Mythical Man Month Lives On...

Posted on October 24, 2004 by Scott Leberknight

I have a friend who works on a project with a manager who typifies the problems with the software development industry. We'll call this developer Bob and the manager Jim. Over the past couple of months Bob has mentioned some very disturbing things that Jim has said and done in running, if one could call it that, the project. For example, Jim started off by not allowing Bob, the lead developer, to use a persistence framework and instead mandated he use straight JDBC because of the "risks" of the frameworks. This is of course nonsense since the real risk is not using a tried and true persistence framework and rolling your own.

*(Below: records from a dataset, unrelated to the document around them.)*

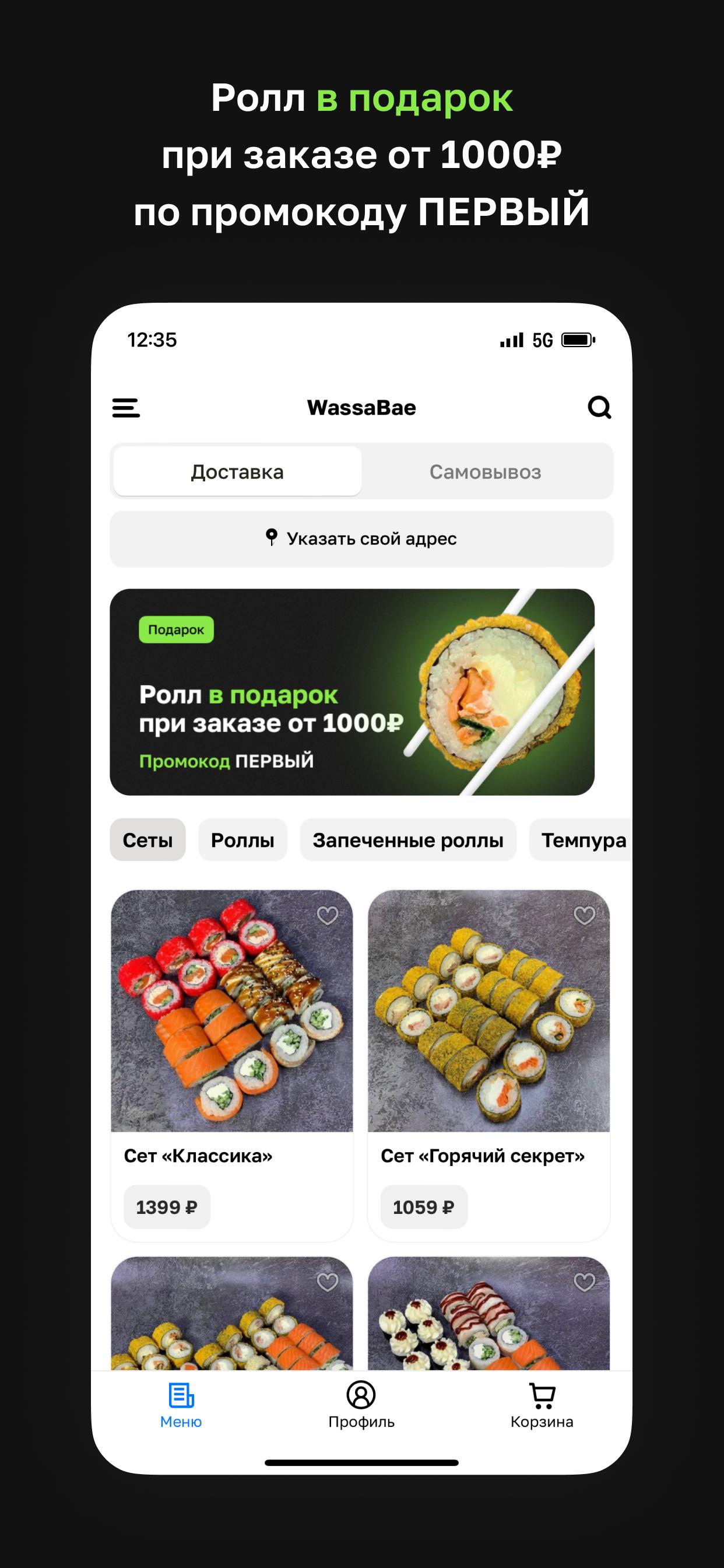 Историческую версию WassaBae • Доставка роллов можно получить на Android
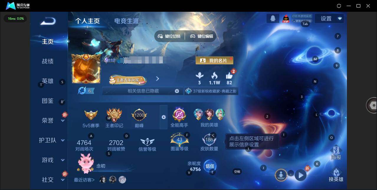 贵族等级: V6 英雄数: 125 皮肤数: 186 荣耀水晶: 星域神启 传
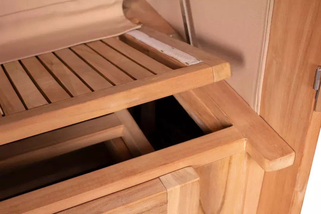 Der Strandkorb Rantum überzeugt durch die besonders hochwertig verarbeiteten edlen Materialien. Das massive Teakholz mit seinem warmen, hellen Farbton verleiht dem Strandkorb Rantum seinen ganz besonderen Charakter und macht ihn zu einem qualitativ hochwertigen Gartenmöbel. Teakholz ist ein besonders hochwertiges Holz und eignet sich aufgrund seiner natürlichen Eigenschaften hervorragend für Strandkörbe. Wir verwenden ausschließlich nachhaltig produziertes Plantagen-Teakholz. Aufgrund seines hohen Öl- und Kautschukanteils hat Teakholz einen natürlichen Verwitterungs- und Alterungsschutz. Egal ob Sie die im Laufe der Zeit entstehende silbrig-graue Patina lieben oder den natürlichen hellen Farbton bevorzugen, der sich durch regelmäßiges Ölen des Holzes erhalten lässt - unser Teakholz überzeugt durch seine Langlebigkeit und die hochwertige Optik!
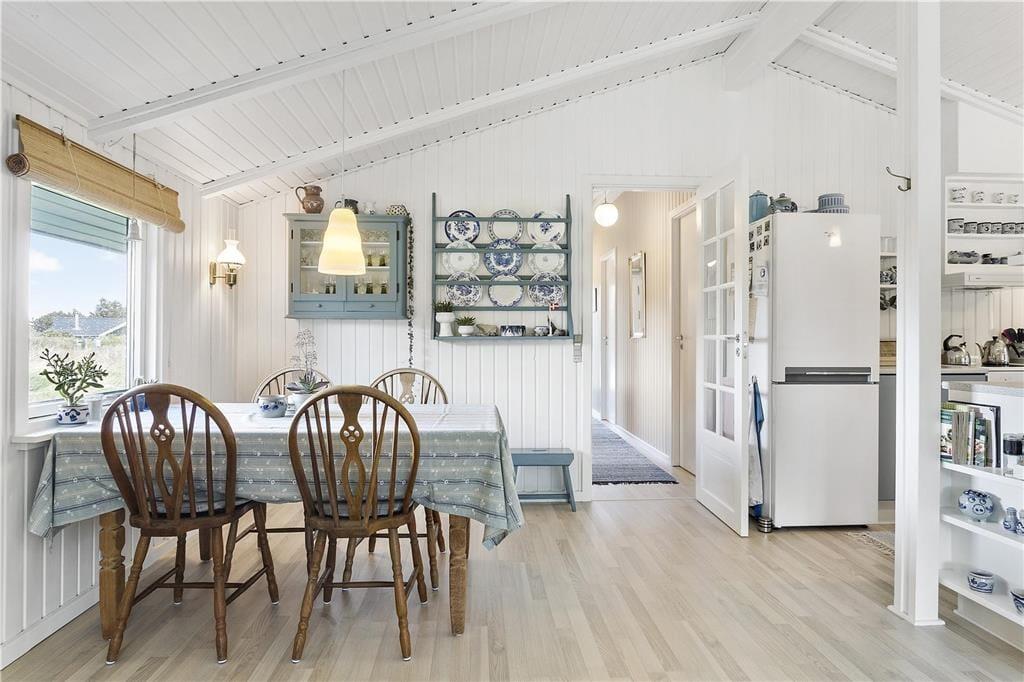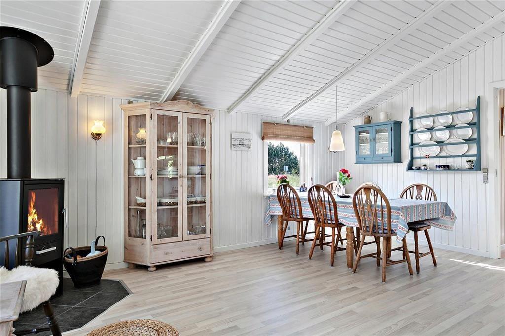 Når du træder ind i dette gennemrenoverede sommerhus, mødes du af en varm og indbydende atmosfære. De lyse rum er smagfuldt indrettet med sans for detaljen, hvilket skaber en hjemlig følelse fra første øjeblik. I opholdsrummet kan du nyde de kølige aftener foran den knitrende brændeovn, mens du lytter til træets beroligende knitren og mærker varmen brede sig. Køkkenet er veludstyret og indbyder til fælles madlavning, hvor duften af frisklavet kaffe og nybagt brød spreder sig i rummet.
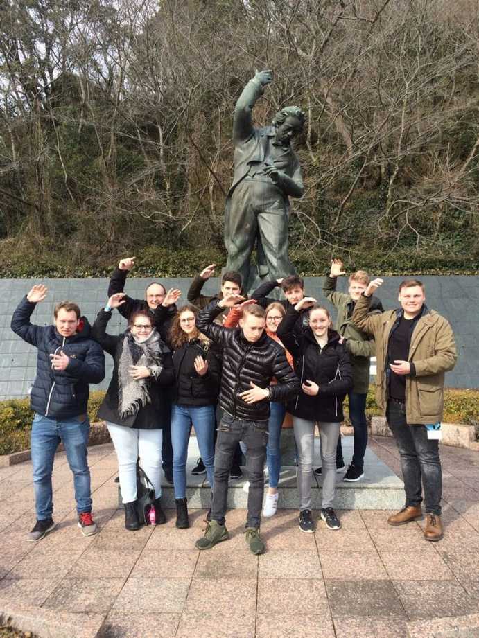 Am 8. Februar ging es los. Zehn Schülerinnen und Schüler der BBS am Schölerberg flogen nach Japan, um an dem Musikprojekt teilzunehmen. Mit im Tross waren auch Schülerinnen und Schüler der BBS Brinkstraße. Beide Gruppen hatten sich seit den Sommerferien durch gemeinsame Chorproben auf dieses Ereignis vorbereitet. Begleitet werden sie von einigen Lehrerinnen und Lehrern.
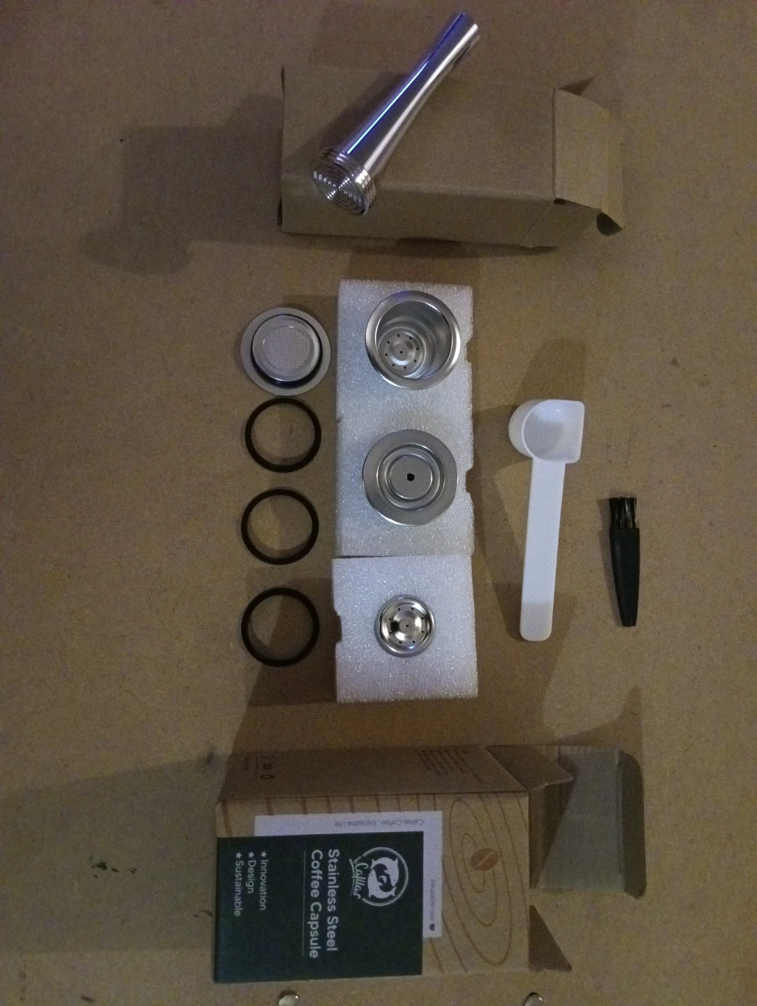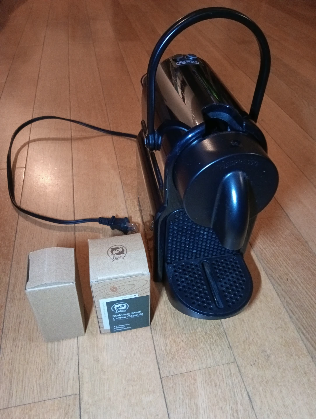 I'm selling a DeLonghi Nespresso Essenza Mini coffee machine in black. It's in great condition and comes with a box of 3 reusable stainless steel coffee capsules, a coffee presser and a spoon. Perfect for a quick and easy espresso at home!
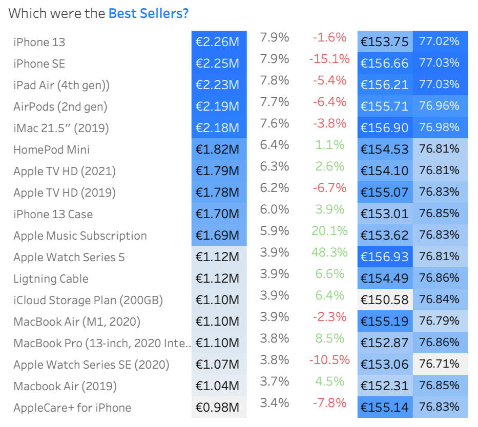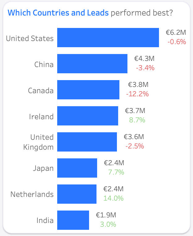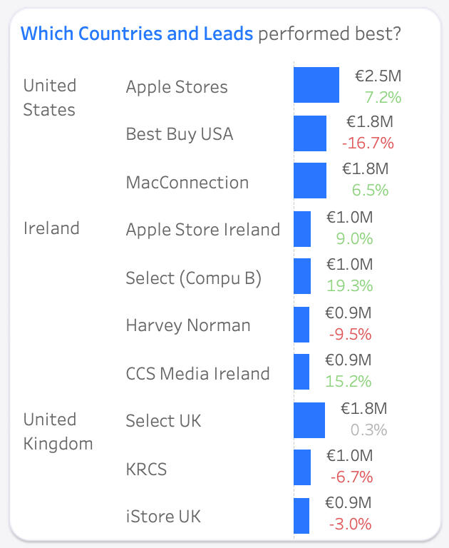 United States took the crown for the most Christmas sales over the four seasons, reaching €6.2 million. Canada, once the best in Xmas 2018/2019, faced a decline of -12% over the four seasons. The Netherlands showcased the most significant growth of 14%, climbing from the 7th to the 5th spot.Drilling down to the Sales Leads, the three Stores in United States (Apple Stores, Best Buy USA & MacConnection) emerged as the top-selling Stores, each generating over €1.8 million in sales.In Ireland, Apple Store Ireland & Select (Compu B) emerged as the top-selling Stores, each generating over €0.9 million in sales.

Another brilliant decree made by Jim was that developers cannot spend time developing unit tests because they will slow the development effort and are not really needed because the developers "are very careful to write bug-free code". Excuse me? Did I just actually hear that? Yes in fact I did. As a developer I am careful to not introduce bugs into my designs and code, but I in no way do I assume I write bug-free code. Unit tests of course are one way to ensure high-quality code and in fact speed development, since many bugs are caught and fixed much earlier than they otherwise would be. In addition, a quality suite of unit tests that can be run at the touch of a button are wonderful for regression testing new changes. Even worse, Jim told the customer that the developers were very careful to write bug-free code and that they would only need one week to fix any and all bugs that were found by the integration testers and the customers! Bob was not at all pleased to hear this of course.

Another fun thing Jim has done on several occasions is to inform the customer that the developers intended to be done early, so some additional new requirements could easily be added. In reality, Bob told me many times there was no way they were even going to meet their original deadline much less with loads of new requirements. Finally after recognizing they were not going to make the initial (unrealistic) deadline, Jim got the customer to extend the deadline several months. Then Jim did something that Fred Brooks would, I am sure, not advocate. Jim told Bob that since they had a few more months, this would be the perfect time to bring on five more developers to "speed up development". So much for Brooks truism that adding developers to a late project makes it later, whcich has been proven out over several decades.

In the end, Bob has started looking around for other projects and probably not be with that project much longer.